■ **Exercise description**:
Line by line, the data below should be set down unchanged, with images excluded.

--

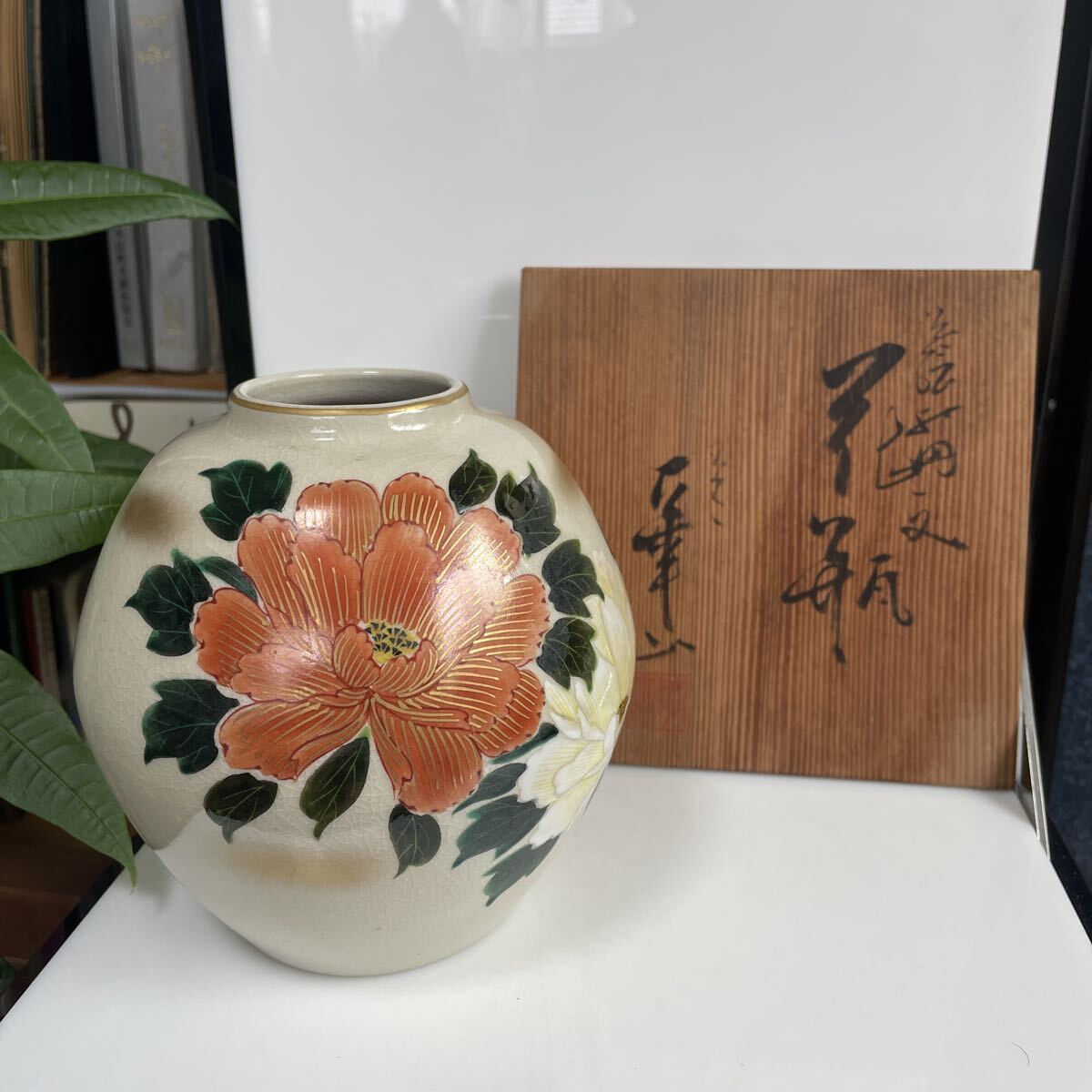 - 未展示 桐箱入り 昭和 レトロ 九谷 華山 壺 花瓶 花器 陶芸 陶器 置物 飾り 和 日本製 オブジェ ヴィンテージ 花柄 牡丹
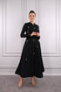 فستان سهرة حجاب بياقة عالية مزين بالحجارة واللؤلؤ -اسود
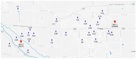 To validate the methodologies in this study and investigate the sustainability of UAV logistics, we present a realistic case study. Amazon is a leading company that actively tests and introduces UAV logistic services. Recently, Amazon revealed their new delivery drones and announced that their UAV delivery services will be implemented within months [52]. According to the description of their UAV delivery services, called Prime Air, UAVs take off from the Amazon Fulfillment Centers (AFCs) and provide delivery services to nearby customers. The case study deals with the actual Amazon AFCs and virtual nearby customers. Figure 1 graphically shows the two AFCs (OAK4 and SJC7) in Tracy, CA, USA and 25 customers (between 14:00 p.m. and 16:00 p.m.) near the AFCs. The Appendix A provides detailed descriptions for the locations (latitude and longitude), demand quantity, and time windows. With the same AFCs and customer information, delivery schedules of UAVs and GVs were obtained by phase I, respectively. The environmental effect of UAV logistic services is investigated in phase II. For the case study, we solve the mathematical model using CPLEX 12.4 on a personal computer with Intel i5-4460 CPU and 8 GB RAM.
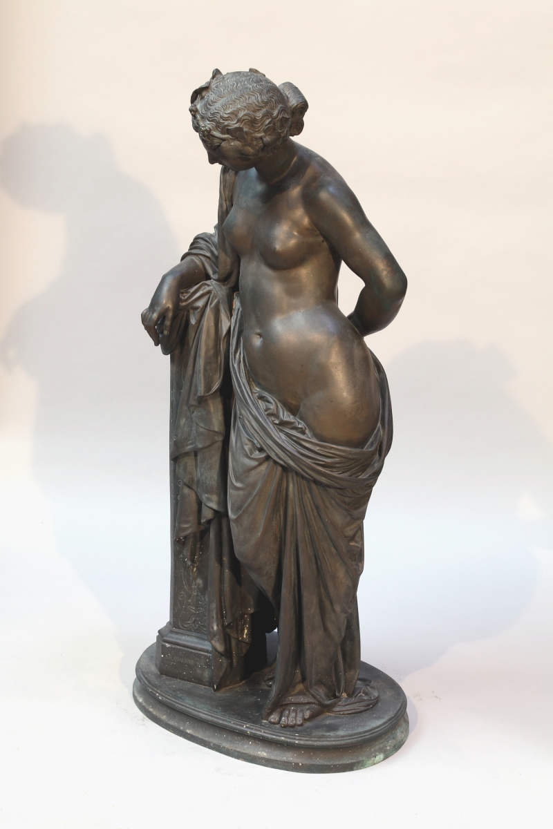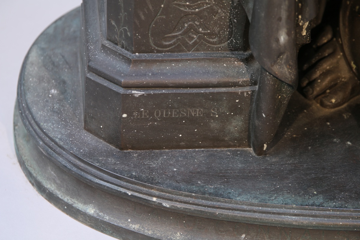 Bronze signé sur la base de la colonne "E. LEQUESNE", cachet du fondeur "SUSSE Frères, éditeur français de bronzes". Titré sur la base "RECONNAISSANCE".
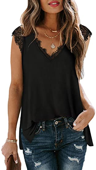 - Design: Sexy V Neck Tank Tops, Sleeveless Tops, Lace Trim, Loose Flowy, Side Split Tunic Tops
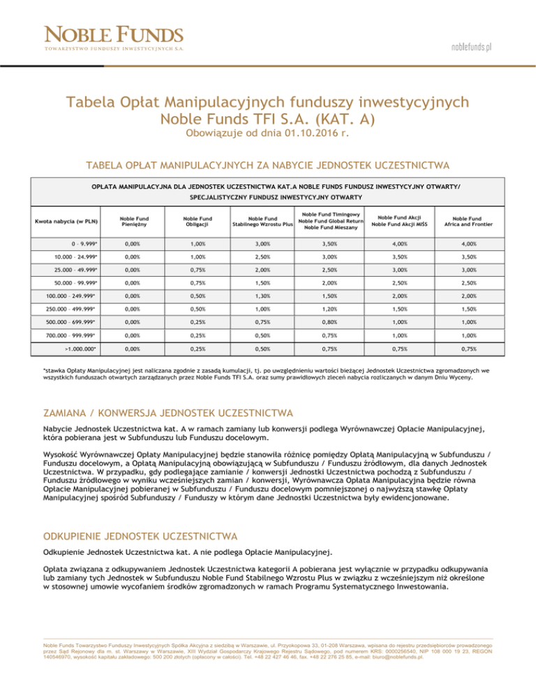Tabela Opłat Manipulacyjnych funduszy inwestycyjnych Noble Funds TFI S.A. (KAT. A) Obowiązuje od dnia 01.10.2016 r. TABELA OPŁAT MANIPULACYJNYCH ZA NABYCIE JEDNOSTEK UCZESTNICTWA OPŁATA MANIPULACYJNA DLA JEDNOSTEK UCZESTNICTWA KAT.A NOBLE FUNDS FUNDUSZ INWESTYCYJNY OTWARTY/ SPECJALISTYCZNY FUNDUSZ INWESTYCYJNY OTWARTY Kwota nabycia (w PLN) Noble Fund Pieniężny Noble Fund Obligacji Noble Fund Stabilnego Wzrostu Plus Noble Fund Timingowy Noble Fund Global Return Noble Fund Mieszany Noble Fund Akcji Noble Fund Akcji MIŚS Noble Fund Africa and Frontier 0 – 9.999* 0,00% 1,00% 3,00% 3,50% 4,00% 4,00% 10.000 – 24.999* 0,00% 1,00% 2,50% 3,00% 3,50% 3,50% 25.000 – 49.999* 0,00% 0,75% 2,00% 2,50% 3,00% 3,00% 50.000 – 99.999* 0,00% 0,75% 1,50% 2,00% 2,50% 2,50% 100.000 – 249.999* 0,00% 0,50% 1,30% 1,50% 2,00% 2,00% 250.000 – 499.999* 0,00% 0,50% 1,00% 1,20% 1,50% 1,50% 500.000 – 699.999* 0,00% 0,25% 0,75% 0,80% 1,00% 1,00% 700.000 – 999.999* 0,00% 0,25% 0,50% 0,75% 1,00% 1,00% >1.000.000* 0,00% 0,25% 0,50% 0,75% 0,75% 0,75% *stawka Opłaty Manipulacyjnej jest naliczana zgodnie z zasadą kumulacji, tj. po uwzględnieniu wartości bieżącej Jednostek Uczestnictwa zgromadzonych we wszystkich funduszach otwartych zarządzanych przez Noble Funds TFI S.A. oraz sumy prawidłowych zleceń nabycia rozliczanych w danym Dniu Wyceny. ZAMIANA / KONWERSJA JEDNOSTEK UCZESTNICTWA Nabycie Jednostek Uczestnictwa kat. A w ramach zamiany lub konwersji podlega Wyrównawczej Opłacie Manipulacyjnej, która pobierana jest w Subfunduszu lub Funduszu docelowym. Wysokość Wyrównawczej Opłaty Manipulacyjnej będzie stanowiła różnicę pomiędzy Opłatą Manipulacyjną w Subfunduszu / Funduszu docelowym, a Opłatą Manipulacyjną obowiązującą w Subfunduszu / Funduszu źródłowym, dla danych Jednostek Uczestnictwa. W przypadku, gdy podlegające zamianie / konwersji Jednostki Uczestnictwa pochodzą z Subfunduszu / Funduszu źródłowego w wyniku wcześniejszych zamian / konwersji, Wyrównawcza Opłata Manipulacyjna będzie równa Opłacie Manipulacyjnej pobieranej w Subfunduszu / Funduszu docelowym pomniejszonej o najwyższą stawkę Opłaty Manipulacyjnej spośród Subfunduszy / Funduszy w którym dane Jednostki Uczestnictwa były ewidencjonowane. ODKUPIENIE JEDNOSTEK UCZESTNICTWA Odkupienie Jednostek Uczestnictwa kat. A nie podlega Opłacie Manipulacyjnej. Opłata związana z odkupywaniem Jednostek Uczestnictwa kategorii A pobierana jest wyłącznie w przypadku odkupywania lub zamiany tych Jednostek w Subfunduszu Noble Fund Stabilnego Wzrostu Plus w związku z wcześniejszym niż określone w stosownej umowie wycofaniem środków zgromadzonych w ramach Programu Systematycznego Inwestowania. Noble Funds Towarzystwo Funduszy Inwestycyjnych Spółka Akcyjna z siedzibą w Warszawie, ul. Przyokopowa 33, 01-208 Warszawa, wpisana do rejestru przedsiębiorców prowadzonego przez Sąd Rejonowy dla m. st. Warszawy w Warszawie, XIII Wydział Gospodarczy Krajowego Rejestru Sądowego, pod numerem KRS: 0000256540, NIP 108 000 19 23, REGON 140546970, wysokość kapitału zakładowego: 500 200 złotych (opłacony w całości). Tel. +48 22 427 46 46, fax. +48 22 276 25 85, e-mail: [email protected].
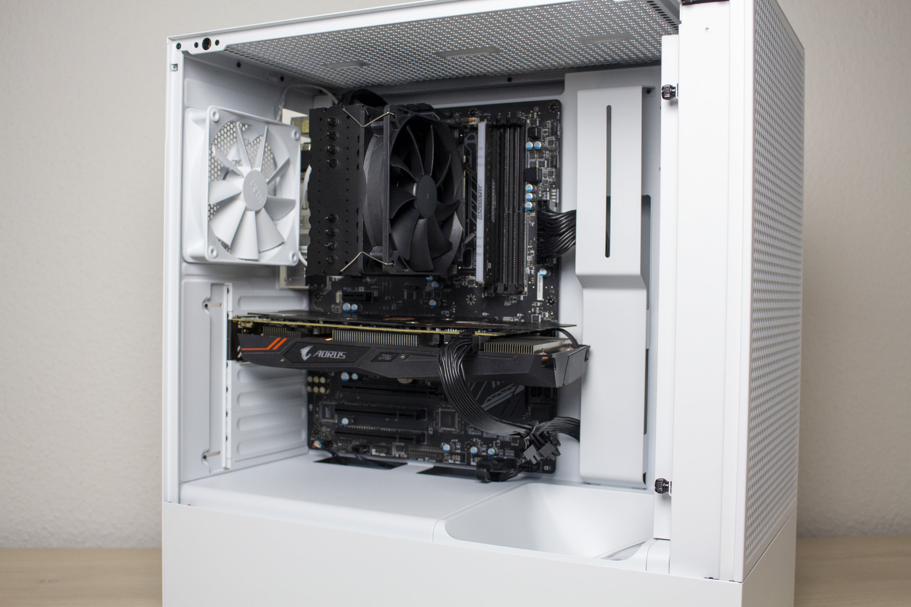 Nun kommen wir zum Systemeinbau beim NZXT H5 Flow Test. Als Hardware verwenden wir einen AMD Ryzen 5 1400 auf einem MSI B350 PC Mate mit 16GB Crucial Ballistix Sport LT grau DDR4-2666. Der Ryzen wird von einem LC-Power Cosmo Cool LC-CC-120-RGB gekühlt und ist auf 3,8 GHz (1,25 V) übertaktet. Für die Bildausgabe ist eine GTX 1060 6GB von Gigabyte AORUS zuständig. Die Stromversorgung erledigt das vollmodulare LC-Power LC550 V2.31 Platinum mit einem Effizienzgrad von 80 Plus Platinum.

--

■ **Answer space**:
 - 未展示 桐箱入り 昭和 レトロ 九谷 華山 壺 花瓶 花器 陶芸 陶器 置物 飾り 和 日本製 オブジェ ヴィンテージ 花柄 牡丹
 فستان سهرة حجاب بياقة عالية مزين بالحجارة واللؤلؤ -اسود
 To validate the methodologies in this study and investigate the sustainability of UAV logistics, we present a realistic case study. Amazon is a leading company that actively tests and introduces UAV logistic services. Recently, Amazon revealed their new delivery drones and announced that their UAV delivery services will be implemented within months [52]. According to the description of their UAV delivery services, called Prime Air, UAVs take off from the Amazon Fulfillment Centers (AFCs) and provide delivery services to nearby customers. The case study deals with the actual Amazon AFCs and virtual nearby customers. Figure 1 graphically shows the two AFCs (OAK4 and SJC7) in Tracy, CA, USA and 25 customers (between 14:00 p.m. and 16:00 p.m.) near the AFCs. The Appendix A provides detailed descriptions for the locations (latitude and longitude), demand quantity, and time windows. With the same AFCs and customer information, delivery schedules of UAVs and GVs were obtained by phase I, respectively. The environmental effect of UAV logistic services is investigated in phase II. For the case study, we solve the mathematical model using CPLEX 12.4 on a personal computer with Intel i5-4460 CPU and 8 GB RAM.
 Bronze signé sur la base de la colonne "E. LEQUESNE", cachet du fondeur "SUSSE Frères, éditeur français de bronzes". Titré sur la base "RECONNAISSANCE".
 - Design: Sexy V Neck Tank Tops, Sleeveless Tops, Lace Trim, Loose Flowy, Side Split Tunic Tops
Tabela Opłat Manipulacyjnych funduszy inwestycyjnych Noble Funds TFI S.A. (KAT. A) Obowiązuje od dnia 01.10.2016 r. TABELA OPŁAT MANIPULACYJNYCH ZA NABYCIE JEDNOSTEK UCZESTNICTWA OPŁATA MANIPULACYJNA DLA JEDNOSTEK UCZESTNICTWA KAT.A NOBLE FUNDS FUNDUSZ INWESTYCYJNY OTWARTY/ SPECJALISTYCZNY FUNDUSZ INWESTYCYJNY OTWARTY Kwota nabycia (w PLN) Noble Fund Pieniężny Noble Fund Obligacji Noble Fund Stabilnego Wzrostu Plus Noble Fund Timingowy Noble Fund Global Return Noble Fund Mieszany Noble Fund Akcji Noble Fund Akcji MIŚS Noble Fund Africa and Frontier 0 – 9.999* 0,00% 1,00% 3,00% 3,50% 4,00% 4,00% 10.000 – 24.999* 0,00% 1,00% 2,50% 3,00% 3,50% 3,50% 25.000 – 49.999* 0,00% 0,75% 2,00% 2,50% 3,00% 3,00% 50.000 – 99.999* 0,00% 0,75% 1,50% 2,00% 2,50% 2,50% 100.000 – 249.999* 0,00% 0,50% 1,30% 1,50% 2,00% 2,00% 250.000 – 499.999* 0,00% 0,50% 1,00% 1,20% 1,50% 1,50% 500.000 – 699.999* 0,00% 0,25% 0,75% 0,80% 1,00% 1,00% 700.000 – 999.999* 0,00% 0,25% 0,50% 0,75% 1,00% 1,00% >1.000.000* 0,00% 0,25% 0,50% 0,75% 0,75% 0,75% *stawka Opłaty Manipulacyjnej jest naliczana zgodnie z zasadą kumulacji, tj. po uwzględnieniu wartości bieżącej Jednostek Uczestnictwa zgromadzonych we wszystkich funduszach otwartych zarządzanych przez Noble Funds TFI S.A. oraz sumy prawidłowych zleceń nabycia rozliczanych w danym Dniu Wyceny. ZAMIANA / KONWERSJA JEDNOSTEK UCZESTNICTWA Nabycie Jednostek Uczestnictwa kat. A w ramach zamiany lub konwersji podlega Wyrównawczej Opłacie Manipulacyjnej, która pobierana jest w Subfunduszu lub Funduszu docelowym. Wysokość Wyrównawczej Opłaty Manipulacyjnej będzie stanowiła różnicę pomiędzy Opłatą Manipulacyjną w Subfunduszu / Funduszu docelowym, a Opłatą Manipulacyjną obowiązującą w Subfunduszu / Funduszu źródłowym, dla danych Jednostek Uczestnictwa. W przypadku, gdy podlegające zamianie / konwersji Jednostki Uczestnictwa pochodzą z Subfunduszu / Funduszu źródłowego w wyniku wcześniejszych zamian / konwersji, Wyrównawcza Opłata Manipulacyjna będzie równa Opłacie Manipulacyjnej pobieranej w Subfunduszu / Funduszu docelowym pomniejszonej o najwyższą stawkę Opłaty Manipulacyjnej spośród Subfunduszy / Funduszy w którym dane Jednostki Uczestnictwa były ewidencjonowane. ODKUPIENIE JEDNOSTEK UCZESTNICTWA Odkupienie Jednostek Uczestnictwa kat. A nie podlega Opłacie Manipulacyjnej. Opłata związana z odkupywaniem Jednostek Uczestnictwa kategorii A pobierana jest wyłącznie w przypadku odkupywania lub zamiany tych Jednostek w Subfunduszu Noble Fund Stabilnego Wzrostu Plus w związku z wcześniejszym niż określone w stosownej umowie wycofaniem środków zgromadzonych w ramach Programu Systematycznego Inwestowania. Noble Funds Towarzystwo Funduszy Inwestycyjnych Spółka Akcyjna z siedzibą w Warszawie, ul. Przyokopowa 33, 01-208 Warszawa, wpisana do rejestru przedsiębiorców prowadzonego przez Sąd Rejonowy dla m. st. Warszawy w Warszawie, XIII Wydział Gospodarczy Krajowego Rejestru Sądowego, pod numerem KRS: 0000256540, NIP 108 000 19 23, REGON 140546970, wysokość kapitału zakładowego: 500 200 złotych (opłacony w całości). Tel. +48 22 427 46 46, fax. +48 22 276 25 85, e-mail: [email protected].
 Nun kommen wir zum Systemeinbau beim NZXT H5 Flow Test. Als Hardware verwenden wir einen AMD Ryzen 5 1400 auf einem MSI B350 PC Mate mit 16GB Crucial Ballistix Sport LT grau DDR4-2666. Der Ryzen wird von einem LC-Power Cosmo Cool LC-CC-120-RGB gekühlt und ist auf 3,8 GHz (1,25 V) übertaktet. Für die Bildausgabe ist eine GTX 1060 6GB von Gigabyte AORUS zuständig. Die Stromversorgung erledigt das vollmodulare LC-Power LC550 V2.31 Platinum mit einem Effizienzgrad von 80 Plus Platinum.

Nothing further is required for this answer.